I only went back to my house to sleep, escaping out the back door every morning before my dad could catch me. If I slept through my alarm and he hadn’t left yet to meet a client I’d have to stand barefoot in the kitchen and recite my assigned Bible verses for the week, or share with him the prayer requests he required me to write on 3×5 index cards. My mom taught kindergarten, and had the summers off, but while physically present, she wasn’t really there. She moved in a daze through my father’s shouted words and hid for hours in the bathroom, planning the escape she’d execute later that fall.

Every morning I’d show up on Carrie’s doorstep and her mothers took me in. They never asked why I was there, and never told me to go home.
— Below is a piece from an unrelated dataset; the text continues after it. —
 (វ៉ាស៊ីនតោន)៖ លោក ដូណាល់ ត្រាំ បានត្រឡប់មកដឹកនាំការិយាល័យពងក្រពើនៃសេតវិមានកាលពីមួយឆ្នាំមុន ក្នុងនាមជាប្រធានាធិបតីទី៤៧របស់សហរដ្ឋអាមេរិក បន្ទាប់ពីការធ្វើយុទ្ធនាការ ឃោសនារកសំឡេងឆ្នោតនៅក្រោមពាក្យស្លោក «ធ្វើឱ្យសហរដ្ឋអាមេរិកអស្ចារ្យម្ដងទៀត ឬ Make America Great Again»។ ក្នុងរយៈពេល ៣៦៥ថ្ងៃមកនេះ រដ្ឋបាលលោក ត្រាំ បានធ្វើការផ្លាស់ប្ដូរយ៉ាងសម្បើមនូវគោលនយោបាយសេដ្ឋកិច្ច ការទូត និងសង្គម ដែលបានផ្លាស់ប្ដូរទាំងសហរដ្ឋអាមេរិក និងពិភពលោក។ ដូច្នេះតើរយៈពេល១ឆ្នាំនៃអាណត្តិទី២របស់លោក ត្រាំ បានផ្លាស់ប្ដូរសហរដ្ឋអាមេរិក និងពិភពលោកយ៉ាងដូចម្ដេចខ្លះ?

They acted like it was perfectly natural to have a second daughter.

At the top of a hill that overlooked Seattle, Carrie and I roamed in and out of back alleys, eating fruit that had fallen from neighbors’ trees. Ripe juice dripped down our arms, staining our cutoffs red. We rode our bikes in circles through the crushed glass and burnt stubs of fireworks left at the elementary school’s concrete yard after the Fourth of July. And at nights, when the air hung hot and humid, we’d play truth or dare. We prank-called the boys at school who’d made us cross our legs in class. We egged the neighbor’s house after she yelled at us for eating plums from her trees.

“Truth,” I picked, tossing the well-read issue of Sassy on her bed. After I’d ripped the inseam of my brand new, eighty-dollar Guess jeans trying to scale the fence around the local cemetery I’d been going for the ‘truth’ option more.

“Have you ever kissed a boy?” Carrie asked. We collapsed into giggles, tanned legs wound together and thighs touching, and later lied to her mothers about the hot pink nail polish we’d spilled on her comforter.

Our games veered back and forth between the children we’d been and the women we’d become.

Too many things were changing all around me. Earlier that year, I’d read the headline “War” on a newspaper and it wasn’t in a history class. Signed out of all sex education classes by my religious parents, I had no idea what was going on with my body. When short, curly hairs started appearing between my thighs I cut them off with craft scissors, stuffing them into the bathroom wastebasket. And I sensed changes coming in my family, the way you can sense a summer rainstorm hanging in the clouds just before it lets loose.

“We’re going swimming at Greenlake, why don’t you run home and grab your suit?” Penny tossed out the suggestion, and I’d duck through the back alley and run home to tell my mom I probably wouldn’t be back for dinner. Trips to the lake, meals out at local restaurants or crowding around their kitchen table for pizza; I took for granted that I was included. With the myopic focus of youth I never wondered why they’d opened their home to me so thoroughly.

That winter, my mom finally left. A ’90s latch-key kid, I was the first one home every day. The day she moved out, I opened the back door and walked into a bare kitchen. There were no chairs in the breakfast nook, or around the dining room table. I wandered through the house, past empty closets and vanity drawers that now held only the crumbs of blue eyeshadow and pencil shavings. She’d left no note, no explanation, and given him no warning. It wasn’t until my twenties that I assembled all the cracked and jumbled pieces of my parents’ marriage into the shape of a missing living room lamp.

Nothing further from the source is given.